- Born: September 17, 1939 (age 86) St. Louis, Missouri
- Education: Oberlin College University of Chicago University of Minnesota (BA) University of California, Berkeley (MA, PhD)
- Occupations: Poet and college professor
- Notable work: Practical Gods

= Carl Dennis =

American poet and educator

Carl Dennis (born September 17, 1939) is an American poet and educator. His book Practical Gods won the 2002 Pulitzer Prize for poetry.

==Life and work==
Born in St.
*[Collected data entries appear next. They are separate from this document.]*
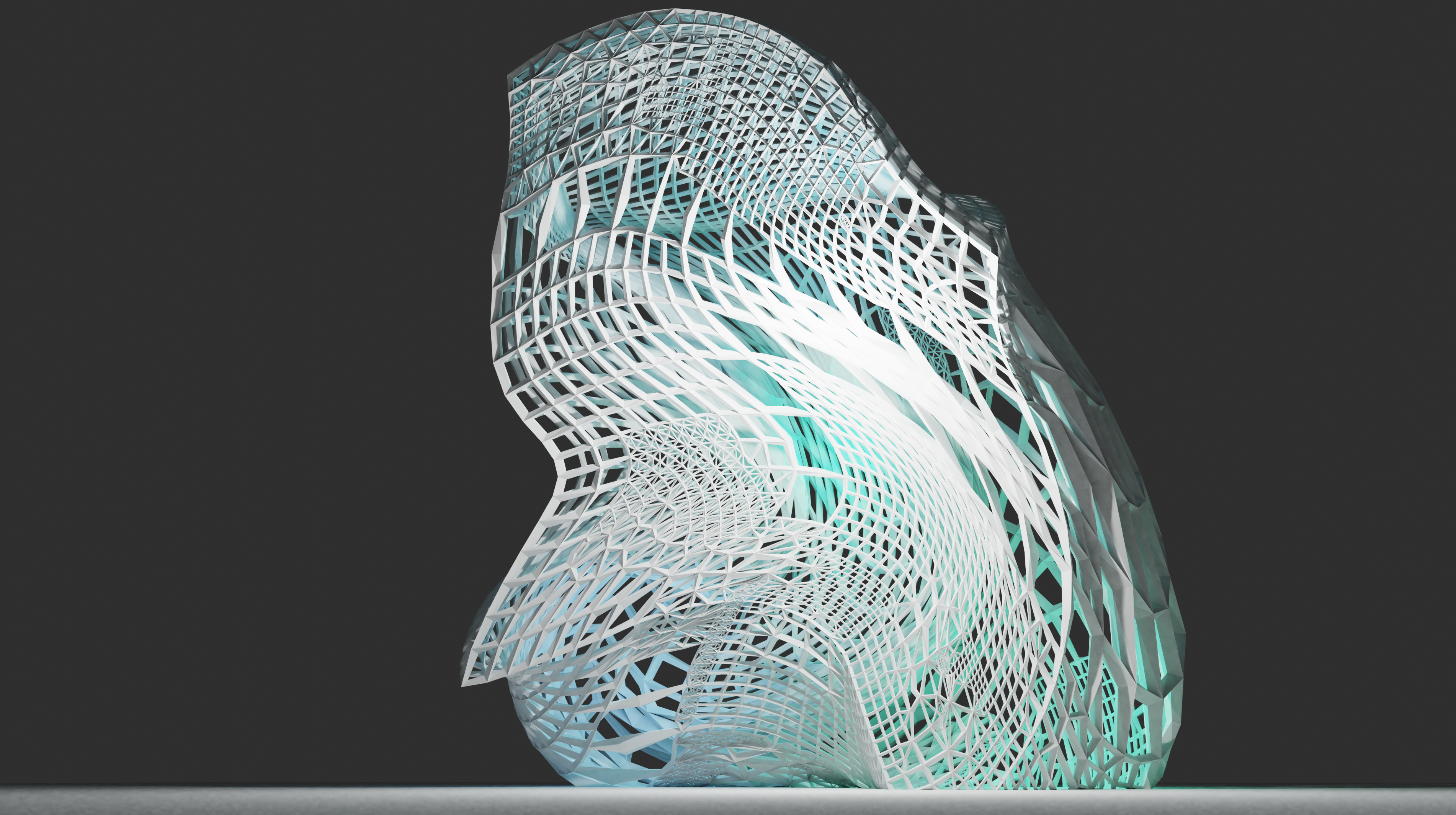 It was pretty simple to make, even if it looks a little complex. I just subdevided a cube around 12 times or so, I turned proportional editing on and grabbed different edges and verts and rotated them randomly. Then I added a wireframe modifier and some lights and boom! It's been fun learning blender when all I knew how to use before was CAD. :)
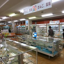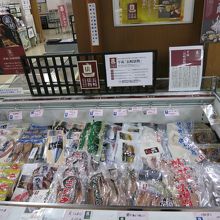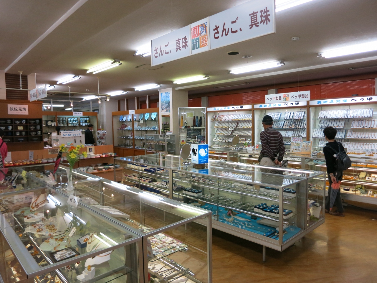 お土産は駅ビルでも買えますが、物産館の方は長崎の地酒、珊瑚、真珠などの首飾り、イヤリング、焼物や人形、鹿の角などの健康食品といったオーソドックスな特産品も扱っています。カステラやお菓子も置いていますが、駅構内のお店の方が、はやりの商品を揃えている感じがします。
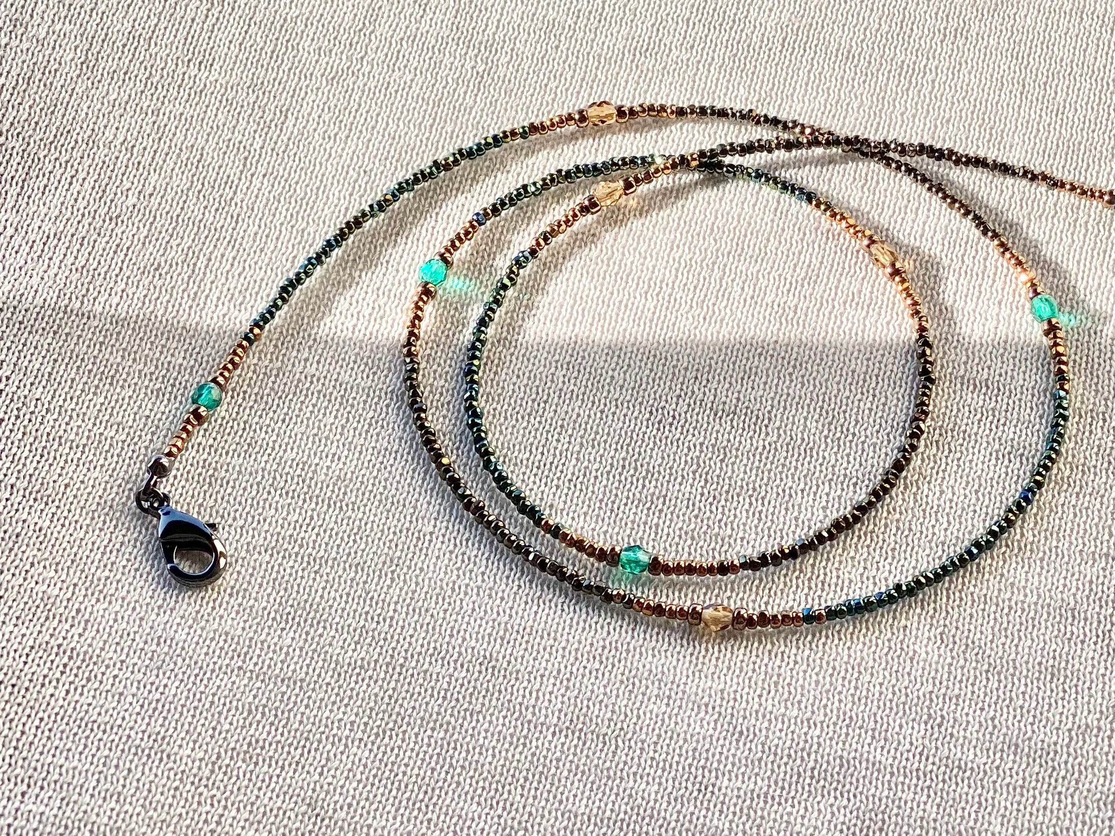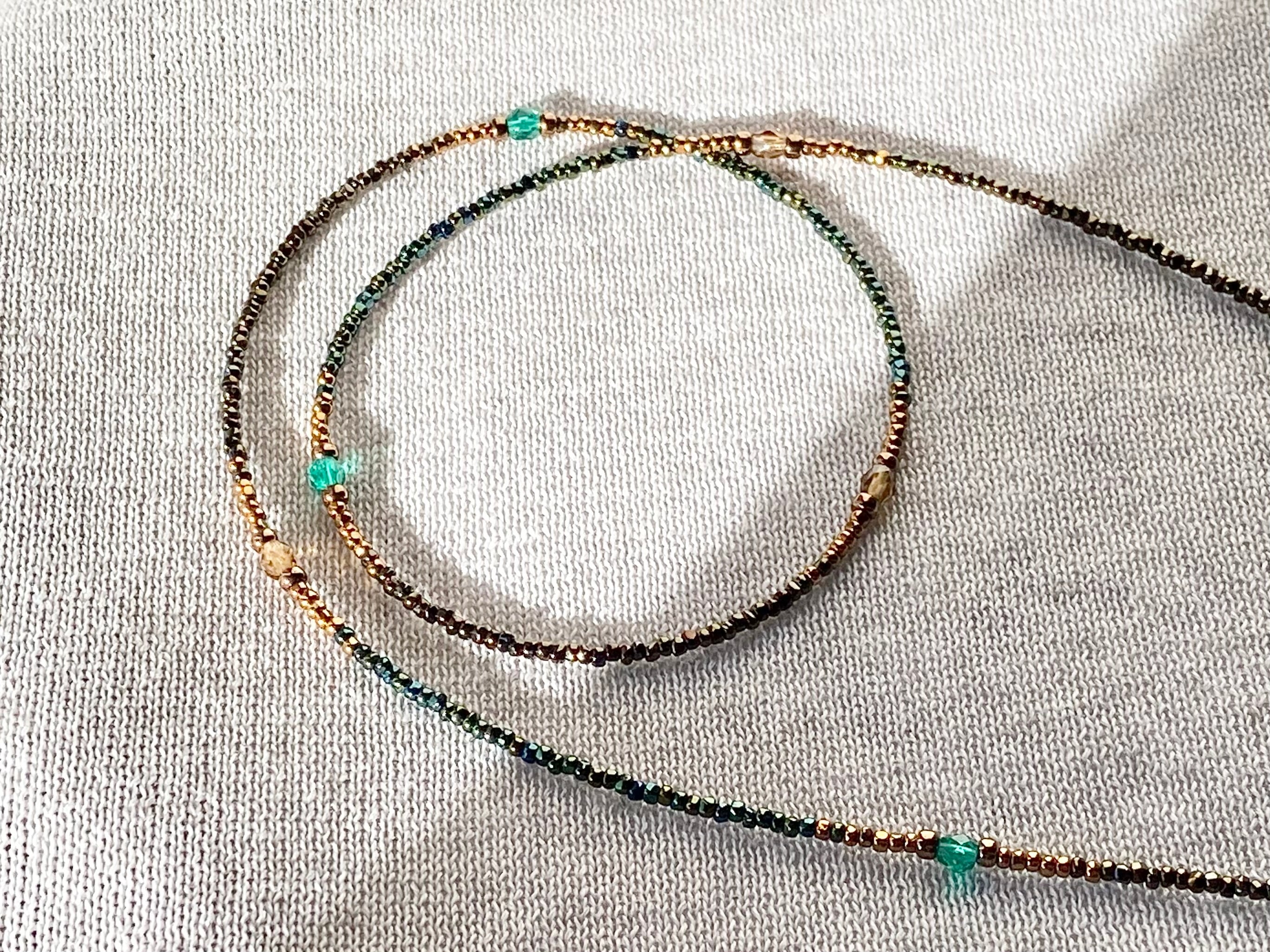 Deep forest メタリックカラーのマスクストラップ/ネックレス/グラスコード green × brown

Louis, Missouri, on September 17, 1939, Dennis attended Oberlin College and the University of Chicago before receiving his bachelor's degree from the University of Minnesota in 1961. In 1966, Dennis received his Ph.D. in English literature from the University of California, Berkeley. That same year he became an assistant professor of English at University at Buffalo, where he has spent most of his career; in 2002, he became an artist-in-residence there. Dennis has also served on the faculty of the graduate program at Warren Wilson College.

Dennis has received several prizes for his poetry in addition to the Pulitzer Prize for Poetry, including a Fellowship at the Rockefeller Study Center in Bellagio, Italy, a Guggenheim Fellowship (1984), a National Endowment for the Arts Fellowship in Poetry (1988), and the Ruth Lilly Poetry Prize (2000).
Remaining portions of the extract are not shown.